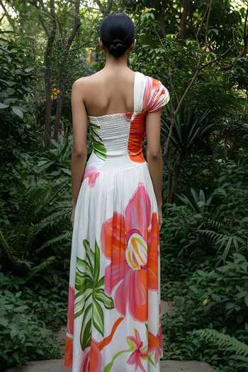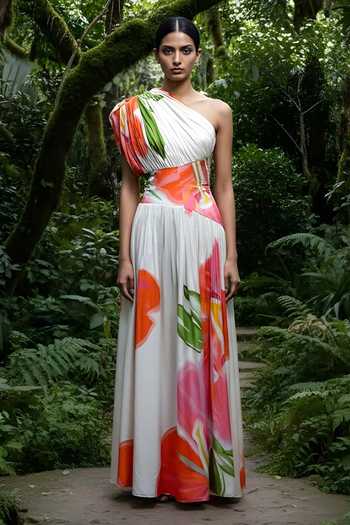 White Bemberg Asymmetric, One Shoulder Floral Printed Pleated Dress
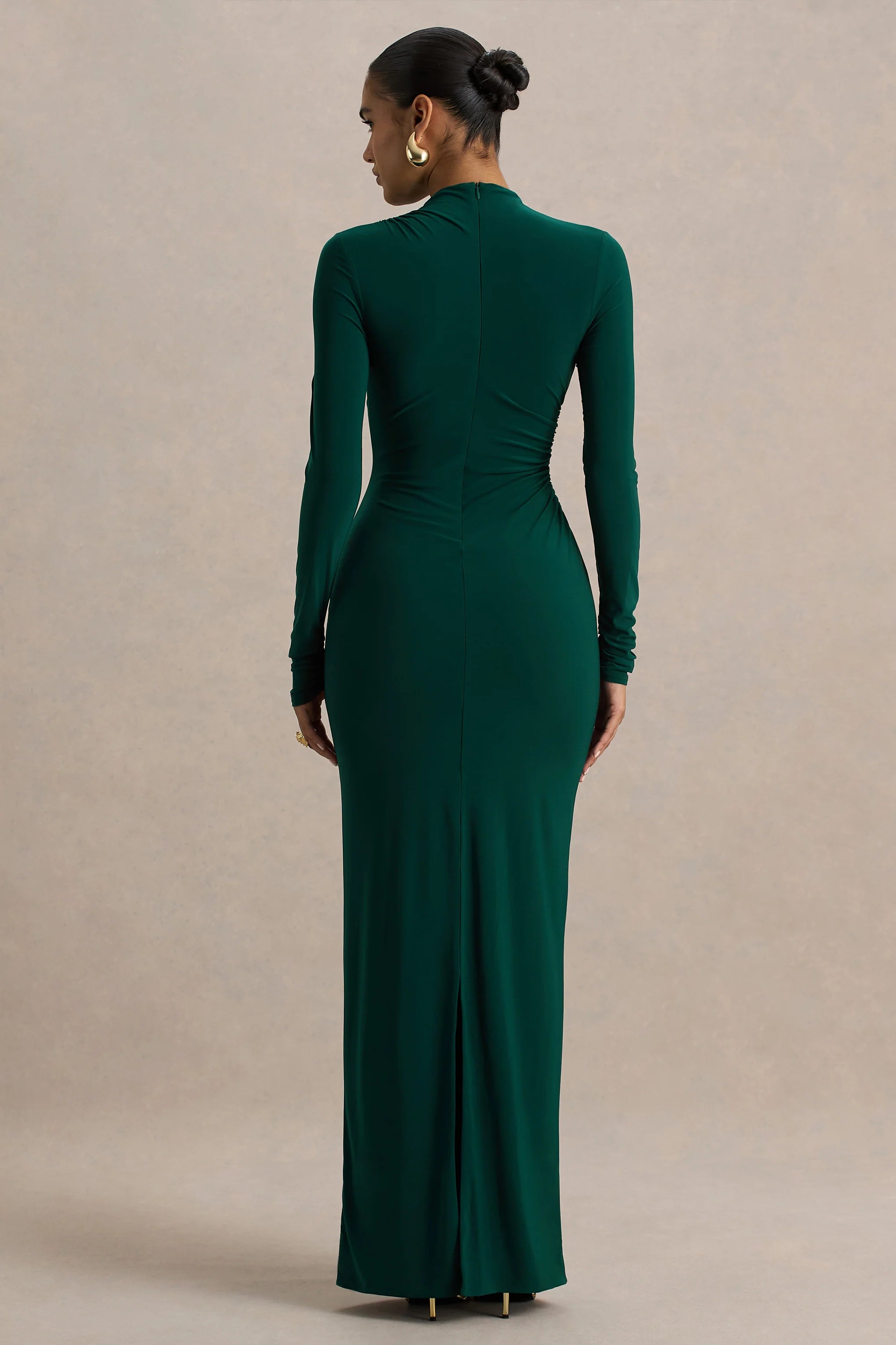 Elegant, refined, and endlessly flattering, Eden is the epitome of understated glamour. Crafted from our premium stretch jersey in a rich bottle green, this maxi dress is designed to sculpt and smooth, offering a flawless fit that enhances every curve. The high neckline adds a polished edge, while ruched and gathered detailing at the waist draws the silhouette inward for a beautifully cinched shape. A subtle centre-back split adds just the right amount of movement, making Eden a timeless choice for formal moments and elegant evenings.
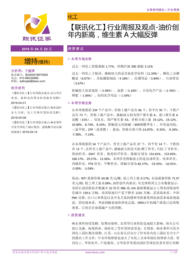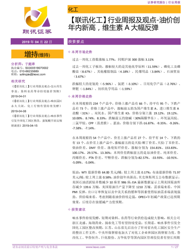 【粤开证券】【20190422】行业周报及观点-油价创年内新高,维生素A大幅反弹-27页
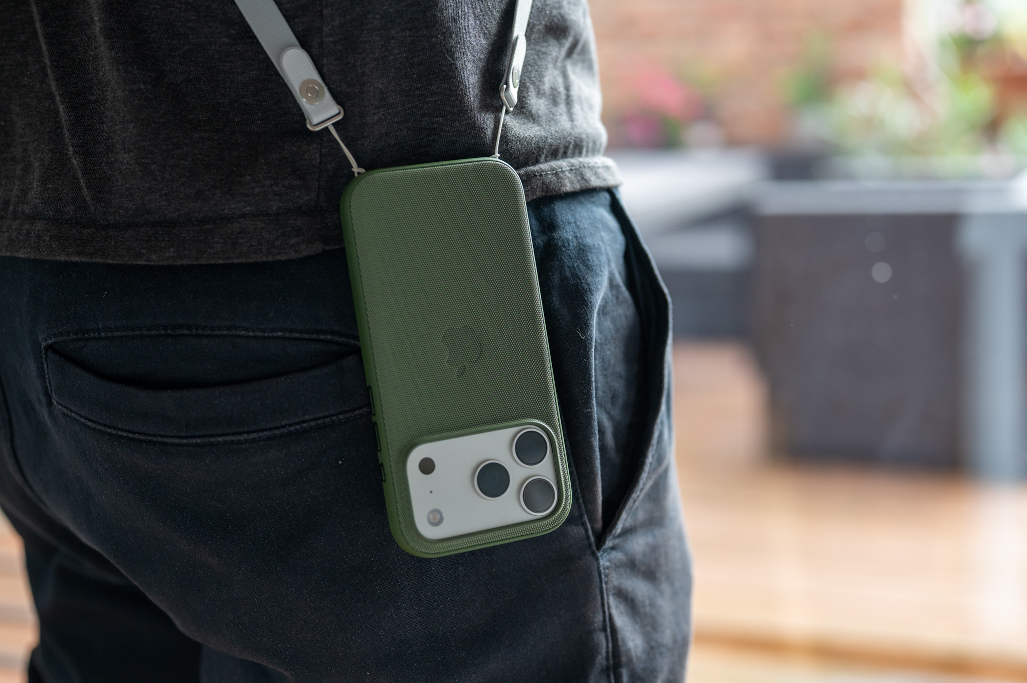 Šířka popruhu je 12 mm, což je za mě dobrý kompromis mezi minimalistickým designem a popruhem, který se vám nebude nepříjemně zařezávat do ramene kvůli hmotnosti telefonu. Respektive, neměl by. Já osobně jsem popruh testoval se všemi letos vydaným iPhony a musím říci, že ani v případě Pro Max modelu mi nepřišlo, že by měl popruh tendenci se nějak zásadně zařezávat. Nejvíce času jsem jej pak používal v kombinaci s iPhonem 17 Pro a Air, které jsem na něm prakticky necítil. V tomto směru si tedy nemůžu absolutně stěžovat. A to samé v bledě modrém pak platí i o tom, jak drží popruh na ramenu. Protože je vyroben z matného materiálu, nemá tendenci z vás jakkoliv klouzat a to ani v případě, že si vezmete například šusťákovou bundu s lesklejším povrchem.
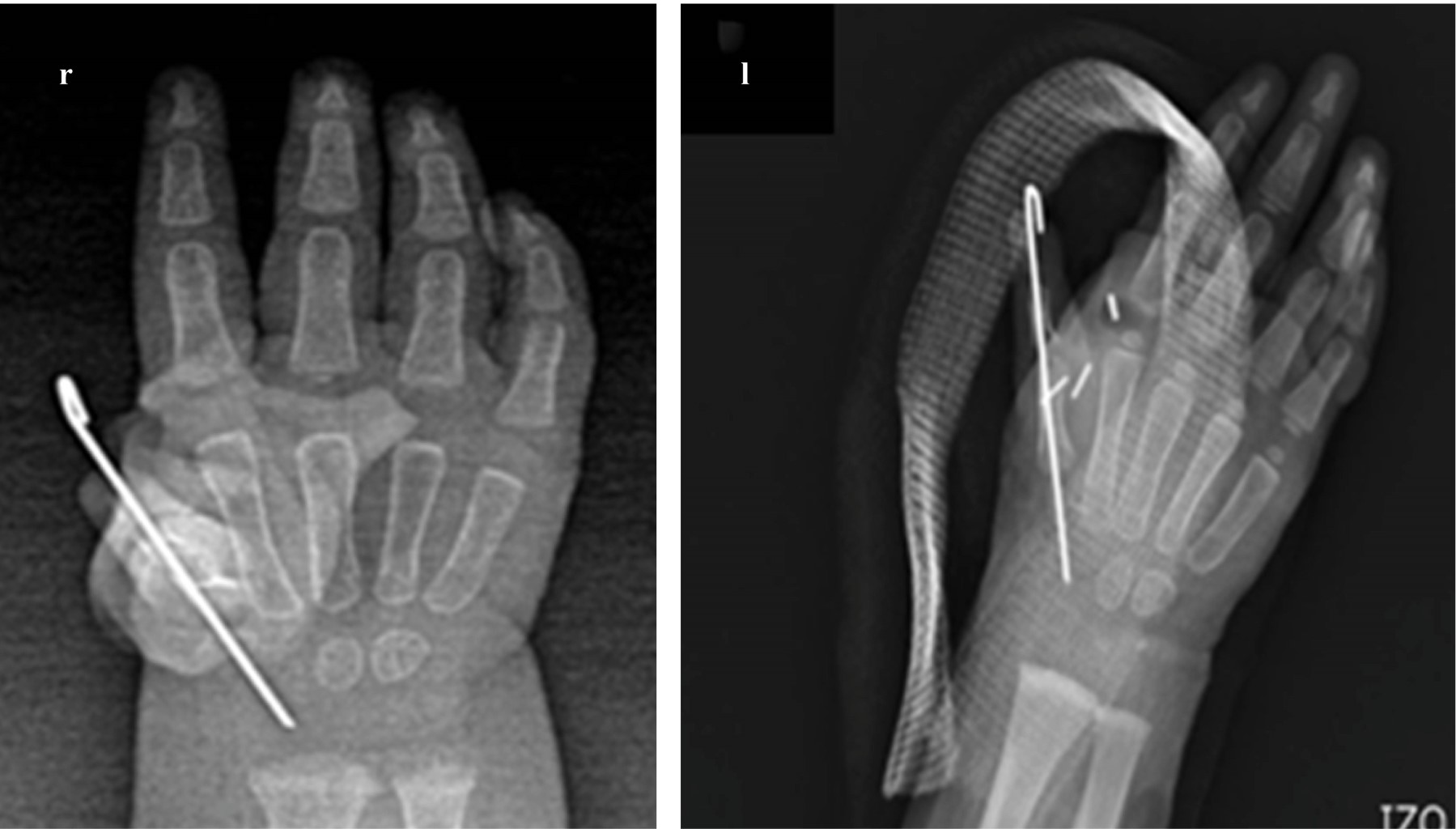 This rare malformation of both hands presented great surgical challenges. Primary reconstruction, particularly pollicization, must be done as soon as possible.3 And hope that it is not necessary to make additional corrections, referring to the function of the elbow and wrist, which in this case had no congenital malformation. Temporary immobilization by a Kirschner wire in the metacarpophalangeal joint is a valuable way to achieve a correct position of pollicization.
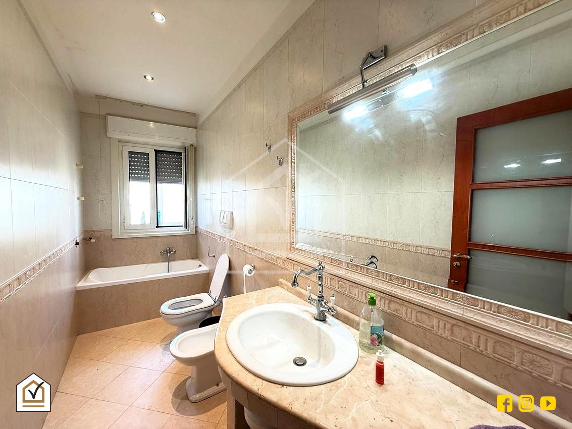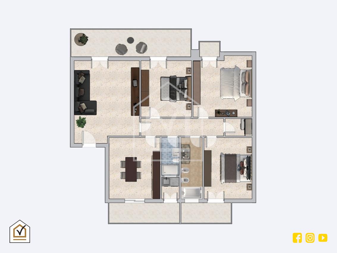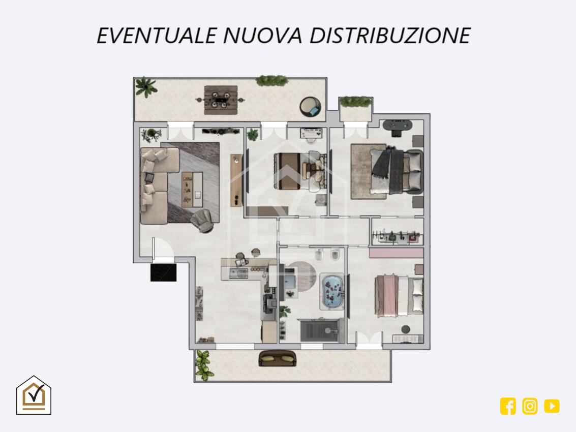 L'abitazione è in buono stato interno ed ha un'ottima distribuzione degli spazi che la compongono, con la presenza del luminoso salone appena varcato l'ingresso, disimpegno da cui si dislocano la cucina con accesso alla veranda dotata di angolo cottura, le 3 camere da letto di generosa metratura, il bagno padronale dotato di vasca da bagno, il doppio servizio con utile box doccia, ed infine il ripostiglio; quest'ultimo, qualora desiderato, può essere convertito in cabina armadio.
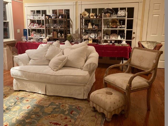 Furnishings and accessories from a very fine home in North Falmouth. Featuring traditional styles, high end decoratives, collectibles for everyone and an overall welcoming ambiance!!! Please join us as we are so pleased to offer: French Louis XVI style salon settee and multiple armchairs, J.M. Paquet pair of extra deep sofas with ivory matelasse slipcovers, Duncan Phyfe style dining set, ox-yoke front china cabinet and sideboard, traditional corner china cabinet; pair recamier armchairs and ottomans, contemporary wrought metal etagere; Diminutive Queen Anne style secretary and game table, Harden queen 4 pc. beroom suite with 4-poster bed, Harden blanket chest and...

--- --- ---

Problem requirements: In the records above, find the line containing "Šířka popruhu je" and output every line from the first through that one, exactly, omitting pictures.

Exercise result:
 White Bemberg Asymmetric, One Shoulder Floral Printed Pleated Dress
 Elegant, refined, and endlessly flattering, Eden is the epitome of understated glamour. Crafted from our premium stretch jersey in a rich bottle green, this maxi dress is designed to sculpt and smooth, offering a flawless fit that enhances every curve. The high neckline adds a polished edge, while ruched and gathered detailing at the waist draws the silhouette inward for a beautifully cinched shape. A subtle centre-back split adds just the right amount of movement, making Eden a timeless choice for formal moments and elegant evenings.
 【粤开证券】【20190422】行业周报及观点-油价创年内新高,维生素A大幅反弹-27页
 Šířka popruhu je 12 mm, což je za mě dobrý kompromis mezi minimalistickým designem a popruhem, který se vám nebude nepříjemně zařezávat do ramene kvůli hmotnosti telefonu. Respektive, neměl by. Já osobně jsem popruh testoval se všemi letos vydaným iPhony a musím říci, že ani v případě Pro Max modelu mi nepřišlo, že by měl popruh tendenci se nějak zásadně zařezávat. Nejvíce času jsem jej pak používal v kombinaci s iPhonem 17 Pro a Air, které jsem na něm prakticky necítil. V tomto směru si tedy nemůžu absolutně stěžovat. A to samé v bledě modrém pak platí i o tom, jak drží popruh na ramenu. Protože je vyroben z matného materiálu, nemá tendenci z vás jakkoliv klouzat a to ani v případě, že si vezmete například šusťákovou bundu s lesklejším povrchem.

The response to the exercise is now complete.